Le carnage de Las Vegas met-il Donald Trump en difficulté, lui qui défend les armes à feu ?

Donald Trump ne remettra jamais en cause le deuxième amendement de la constitution qui donne le droit aux Américains de s’armer et même d’avoir une artillerie à domicile, comme s’ils habitaient toujours au fond des bois, à 500 kilomètres du shérif le plus proche. Obama non plus ne l’a pas fait. Ni le Congrès, ni la Cour suprême, ni même les Démocrates ne veulent rouvrir un débat qui galvanise la moitié de l’opinion. Donald Trump le fera d’autant moins qu’il est partisan des armes à feu, comme tous les élus républicains.

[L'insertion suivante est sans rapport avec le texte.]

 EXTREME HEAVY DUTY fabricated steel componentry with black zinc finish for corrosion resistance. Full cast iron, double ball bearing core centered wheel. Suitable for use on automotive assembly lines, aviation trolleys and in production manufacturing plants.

C’est même un militant de la cause.

Hier, en réagissant à chaud, il a pourtant dénoncé "le mal absolu".

Justement : il n’a pas posé le problème politique. Il n’a parlé ni des armes, ni de Daech. Il a désigné le diable et on comprend qu’il ait été choqué, car le tueur ressemble à un de ses électeurs, tout comme les victimes d’ailleurs, tous amateurs de musique Country. Donald Trump a appelé à la prière, en père de la Nation. En Amérique comme en France, une tragédie suscite l’unité nationale. In fine, le pouvoir en place en profite toujours. Donald Trump avait d’ailleurs repris des couleurs en se rendant au Texas et en Floride après les ouragans.

Il a annoncé qu’il se rendrait demain à Las Vegas. Pourquoi attendre 48 heures ?

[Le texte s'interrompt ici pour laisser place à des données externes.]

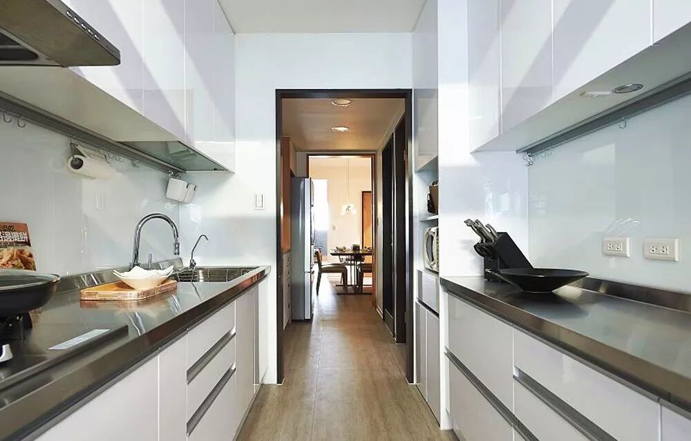 直线式的结构简单明了,节省空间,只要按照自己的使用习惯,将烹饪、料理、清洗区由左至右或是由右向左依次摆放开来就可以了。
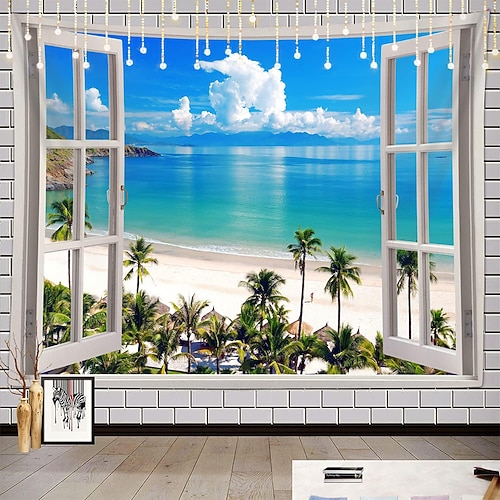 Arazzo da parete con vista sulla spiaggia in 3D, finta finestra, oceano, palme tropicali, paesaggio costiero, decorazione da parete per soggiorno, sala yoga

Justement, parce qu’il va tout à l’heure à Porto Rico. Après le passage de l’ouragan Maria, les Portoricains manquent de tout, d’eau, de courant, de téléphone, d’internet… 3.200 routes et ponts endommagés et l’image de Trump aussi, car il s’en est pris aux autorités locales alors qu’il passait un week-end de pacha dans son club de golf du New Jersey.
Mais ça n’altère pas sa cote de popularité, autour de 40%. C’est mieux que tous ses rivaux à droite et tous ses adversaires à gauche. C’est dix points de plus qu’Hillary Clinton, malgré la presse qui ne le lâche pas et les ministres qui le lâchent, son secrétaire à la santé vient d’être emporté par le scandale, le sixième à démissionner en six mois. 40% malgré les tweets que Trump, lui-même, lâche au matin et qui sont autant de balles qu’il se tire dans les pieds, comme la dernière rafale contre les vedettes du football et du basket américain qui mettent genou à terre pendant l’hymne national.
Rien à voir avec la flagornerie avec laquelle les autres chefs d’État traitent ces milliardaires en short, Trump est vraiment à part.